Петька, особо не торопясь, оделся, обулся. Сходил, набросив на плечи ментик, в уличный досчатый туалет, справил нужду, выбросил в выгребную яму неработающий карманный фонарик и оптические линзы – за полной ненадобностью, а модные (по понятиям двадцать первого века) итальянские трусы – как ненужную и однозначно-вредную улику. После чего вернулся в светёлку, помылся (в дальнем углу обнаружился медный умывальник, наполненный водой комнатной температуры), старательно пригладил ладонями непослушные пегие вихры, без аппетита перекусил остатками вчерашней трапезы, допил гороховец и крепко задумался: – "А что, собственно, делать дальше? Мужики, скорее всего, будут разбирать, вернее, долбать – ломами и кувалдами – японский внедорожник долго и упорно, до самого вечера…".

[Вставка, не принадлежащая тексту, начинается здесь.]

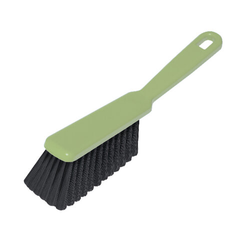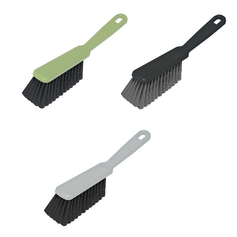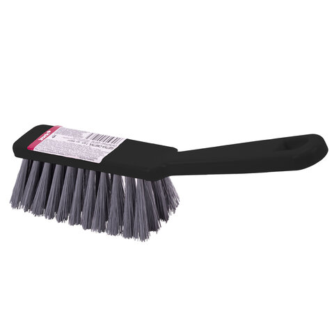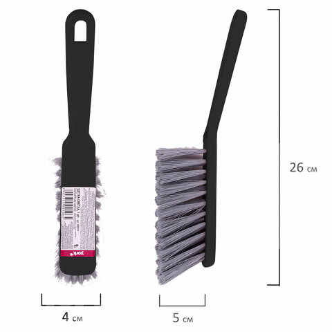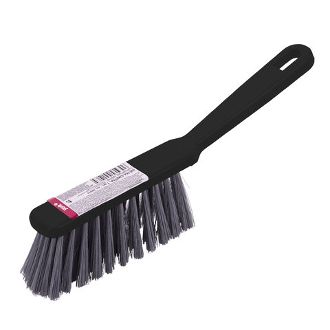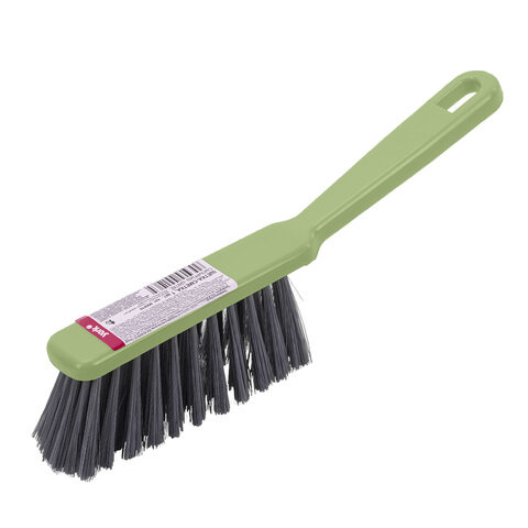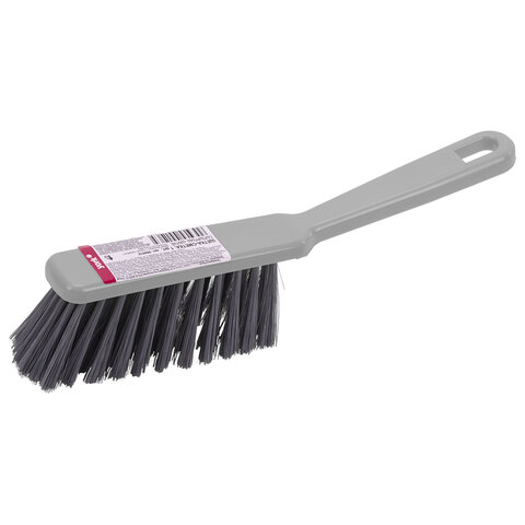 Щетина набита под углом, позволяющим захватить максимальную поверхность. Очень удобная ручка. Щетка имеет отверстие для крючка. Прекрасно подходит к совку этого же типа.

Не придумав ничего интересного и дельного, он прицепил к поясу портупею с саблей, надел свой короткий тулупчик, тщательно застегнул все пуговицы и, хлопнув дверью, отправился на улицу.

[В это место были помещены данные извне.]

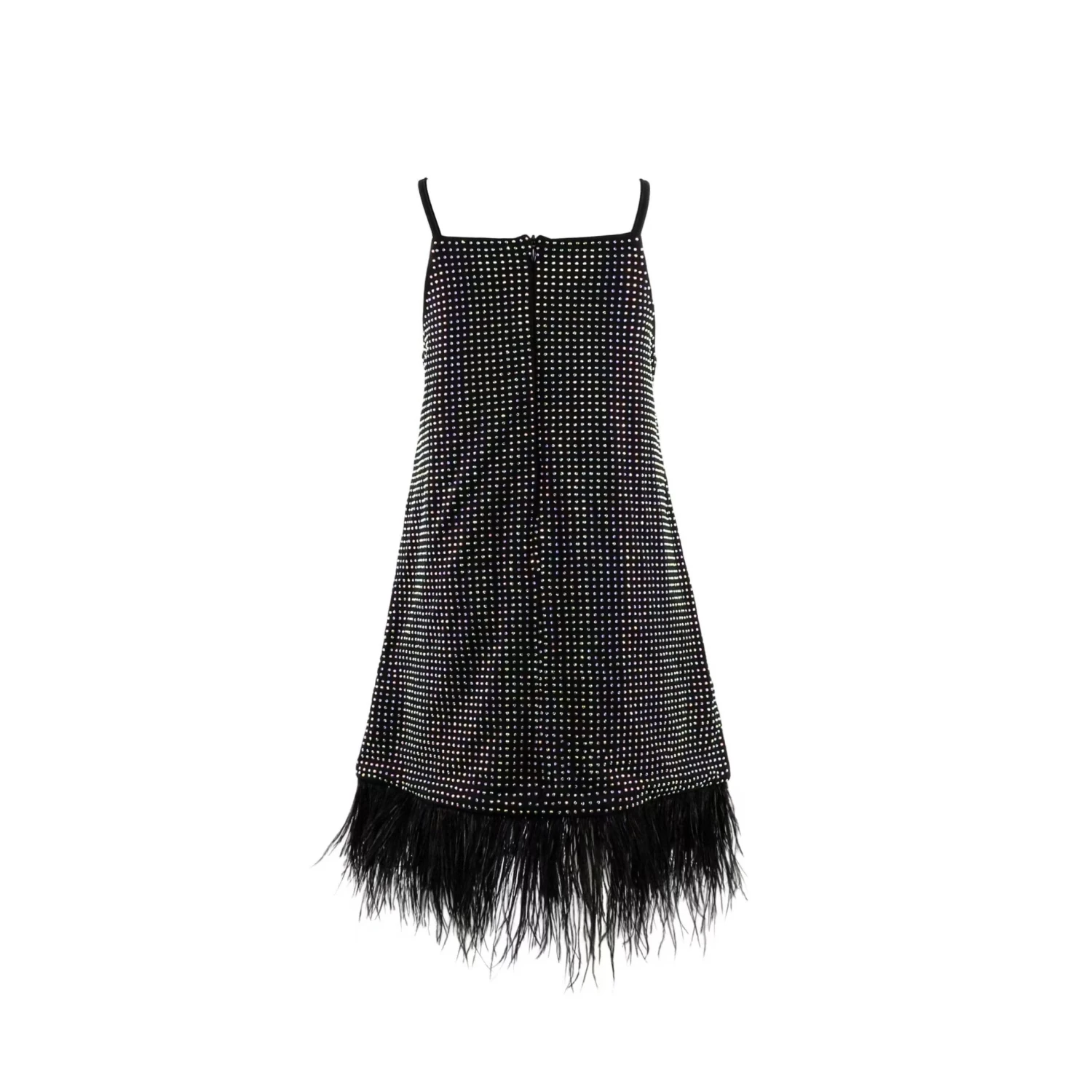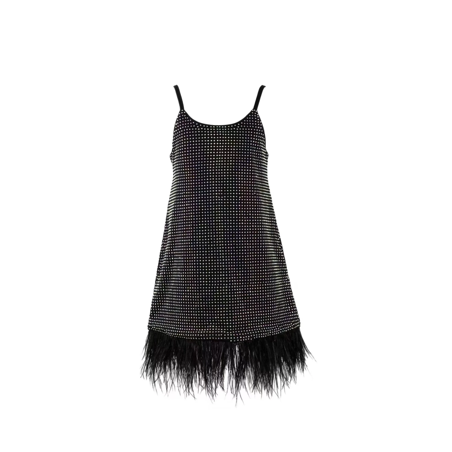 - Styled with feather trimsÂ

"Правильно, полностью одобряю!", – ехидно прокомментировал вредный внутренний голос. – "Утренний зимний моцион, он очень полезен не только толстым и прожорливым котам, но и избыточно жирным сорокалетним экономистам. Да и пухлым гусарским подполковникам – также…. Можно ещё и утренней гимнастикой заняться. Например, толстые берёзовые поленья для банных нужд – под удивлёнными взглядами дворовых холопов – поколоть от души…".

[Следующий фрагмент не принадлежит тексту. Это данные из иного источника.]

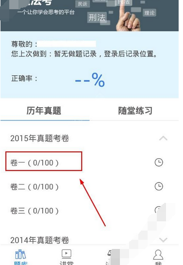 1、打开软件,在题库界面,为你提供了海量的题库,习题让你随堂联系的。

Утро выдалось тихим, хмурым и – по зимним понятиям – тёплым, температура окружающего воздуха вплотную приблизилась к нулевой отметке, с отдельных крыш даже звонко закапала ленивая капель. Над постоялым двором неторопливо и задумчиво кружила огромная воронья стая, а со стороны конюшни долетало равнодушное конское ржанье и отголоски затяжной ямщицкой ссоры.

– Я здесь не причём, клянусь! – слезливо уверял хриплый фальцет. – Подполковник велели – запрячь твою гнедую кобылку в подводу. Разве с ними поспоришь? Себе дороже…

– А что же наш Иван Павлович? – недоверчиво поинтересовался густой бас. – Не заступился? Промолчал?

– Заступишься тут, как же! Эти гусары – хуже диких зверей! Если что не по-ихнему – сразу же дают в зубы, имени и прозвища не спрашивая. Могут и кнутом – ни за что, ни про что – ободрать…

– Попридержали языки, рожи кандальные! – рявкнул Пётр во весь объём лёгких. – Ещё раз услышу – что гадкое про гусар – покалечу сразу же! Руки и ноги переломаю! Без штанов, с голыми жопами, ободранными до самых костей, отправлю осваивать знойную Африку! Скормлю голодным крокодилам и кровожадным львам, мать вашу…

Тут же, через секунду-другую, установилась абсолютная тишина: даже лошади перестали всхрапывать, а чёрная воронья стая – словно бы испугавшись чего-то – торопливо и бестолково рванула к югу.

– То-то же! – довольно усмехнулся Петька. – Знай наших! Разбаловались, понимаешь, блин утренний! Сталина на вас, болтунов праздных, нет…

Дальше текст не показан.